It may seem every year a new type of neural network is announced that piques our imaginations, but the last big and truly novel neural network to arrive on the scene was the Generative Adversarial Network (GAN), created by Ian Goodfellow in 2014, almost four years ago. Much of the research following the creation of a new net focuses first on discovering applications for which the neural network shows aptitude, subsequently on how to optimize or extend them, and finally on how to mix them with other types of neural networks to create ensembles. 2016, for instance, was unavoidably the year of the GAN, with a truly dizzying number of derivative networks for all manner of applications hitting Arxiv: CycleGANs, DCGANs, Conditional GANs, and many more, but late 2017 saw perhaps the first truly lifelike mimicry of faces with Nvidia’s Progressive growing of GANs approach (which has incredible accuracy and the side effect of permitting very large, 1024×1024 images to be faithfully generated — I highly recommend the short paper introducing it).

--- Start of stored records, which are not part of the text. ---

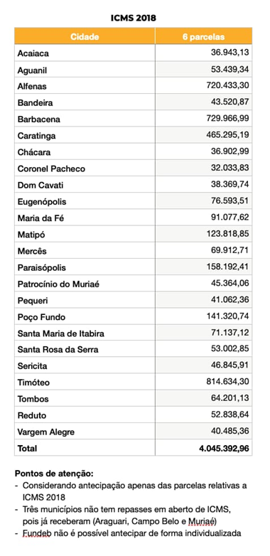 As parcelas do ICMS fazem parte do acordo feito entre o Executivo estadual e a Associação Mineira de Municípios (AMM), para quitação de 33 parcelas referentes ao ICMS, IPVA e Fundeb dos anos de 2018 e 2019. Os débitos foram deixados pela administração passada. A quitação do acordo irá regularizar o repasse atrasado de R$ 7 bilhões junto aos municípios e ao Fundeb. Os valores antecipados pelo governo serão descontados no final.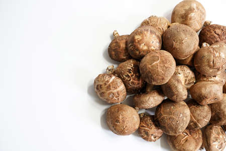 Close Up Fresh Shiitake Mushroom isolated white background. Selective Focus. (Lentinula edodes)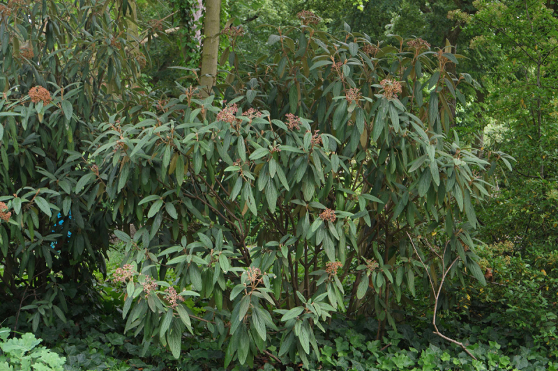 Es handelt sich um einen immergrünen, ausladenden Strauch mit großen, glänzenden, grünen und stark faltigen Blättern. Diese sind eiförmig und auf der Unterseite stark geädert und gefilzt. Die Blüten sind gelblich und blühen in filzigen, flachen Spitzen. Die Blütezeit erstreckt sich von Mitte Mai bis Juni. Die Frucht ist eine kleine rote Steinfrucht, die im Herbst reift und sich schwarz verfärbt.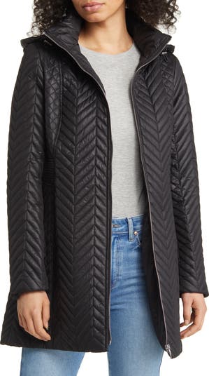 A removable drawstring hood adds versatility to a refined herringbone-quilted jacket with a water-resistant finish.

So though the field of deep learning is white hot right now in terms of academic and corporate interest and an overwhelming amount of stellar research and production-ready applications generated each year, it’s still a huge event when a completely new, non-derivative type of neural network is created and announced. In late October, Geoffrey Hinton, one of the fathers of modern AI (he was one of the first researchers to demonstrate the use of backpropagation algorithms to train neural networks, among other important contributions like dropout and deep-belief networks) announced he and a team of researchers had finally implemented a before only theoretical type of neural net called the capsule network with an implementation dubbed CapsNet.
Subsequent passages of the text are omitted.